Die Unterzeichnenden kritisieren das Niveau der Informationen, die Storck in Zusammenarbeit mit der Stadt an die Bürgerinnen und Bürger weitergebe und fühlen sich mit „Floskeln abgespeist". Sie betonen, die Situation nicht schwarz oder weiß zu sehen. Glauben jedoch, dass es zwischen geplanter Erweiterung und Nullvariante ohne jegliche Erweiterung nicht genutzte Möglichkeiten gebe, die Erweiterung umweltverträglicher und bürgernäher zu gestalten. Sie bezeichnen die Fotomontage der Darstellung des Laibachs vor und nach der Maßnahme als „bewusste Täuschung". Der Laibach werde in weiten Teilen 2,50 Meter tiefer verlaufen. Die dazu notwendige Böschung nehme fast die gesamte Breite des Steinhausener Waldes ein. Dort werde kein Wald stehenbleiben.

Der Eindruck der Gruppe, Storck habe die Waldbesetzung mit dafür verantwortlich gemacht, dass eine Produktionshalle unter der Hochspannungsleitung um ein Stockwerk niedriger ausfallen muss, ist jedoch nicht richtig. Die Verantwortlichen hatten grundsätzlich die gesamte Verzögerung des Planungsprozesses als Grund dafür ins Feld geführt, die Besetzung jedoch nicht explizit erwähnt.

Im "Schoko-Check" als "faules Ei" bewertet

Auch Kritik der Unterzeichnenden, dass in der Storck-Skizze ein Parkhaus zu sehen sei, das im Bebauungsplan gar nicht enthalten ist, stellt die Stadt richtig. So ist es zwar korrekt, dass in der Werksplanung ein Parkhaus zwischen Bahnlinie und Margarethe-Windhorst-Straße vorgesehen ist. Dieser Bereich fällt jedoch nicht in den die Erweiterung betreffenden Bebauungsplan. „Hier besteht bereits Baurecht, Storck müsste lediglich einen Bauantrag stellen", sagt Michael Flohr von der Stadt.

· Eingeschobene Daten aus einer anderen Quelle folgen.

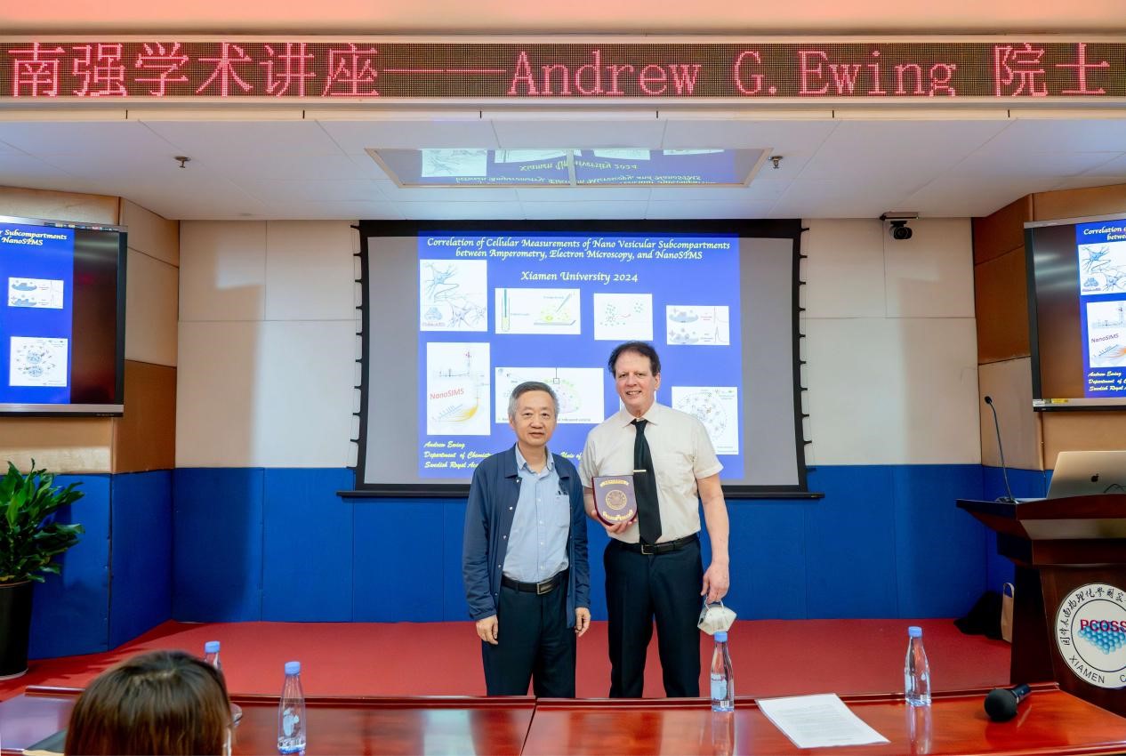 2024年4月15日,应学院邀请,瑞典皇家科学院院士、哥德堡皇家艺术与科学院院士Andrew G. Ewing教授访问厦门大学,并做客厦门大学“南强学术讲座”,在卢嘉锡楼202报告厅为师生带来题为“Correlation of Cellular Measurements of Partial Exocytosis and Nano Vesicular Subcompartments between Amperometry and NanoSIMS”的精彩讲座。田中群院士主持讲座并为Andrew G. Ewing教授颁发“南强学术讲座”荣誉铭牌。
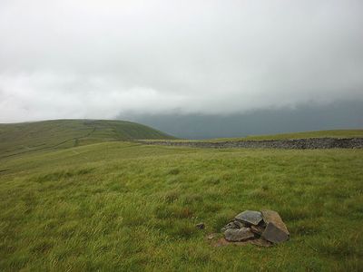 The County Stone, a glacial erratic boulder near the summit, historically marked the meeting point of Westmorland, Yorkshire, and Lancashire borders.

Schließlich zieht die Gruppe in Zweifel, dass Storck eine nachhaltige Strategie verfolgt. Als Begründung führt sie die jüngste Bewertung des Unternehmens durch die Organisation Inkota ins Feld. Im „Schoko-Check" hatten Inkota und weitere vier Organisationen 31 Schokoladenunternehmen und Kakaoverarbeiter befragt. Sie wurden in den Kategorien Kinderarbeit, menschenrechtliche Sorgfaltspflichten, Transparenz, Entwaldung, ökologischer Anbau und existenzsichernde Einkommen bewertet. Sie verliehen an Storck das „faule Ei", weil es, nach Aussage von Inkota, als einziges deutsches Unternehmen die Beteiligung an der Befragung verweigert habe.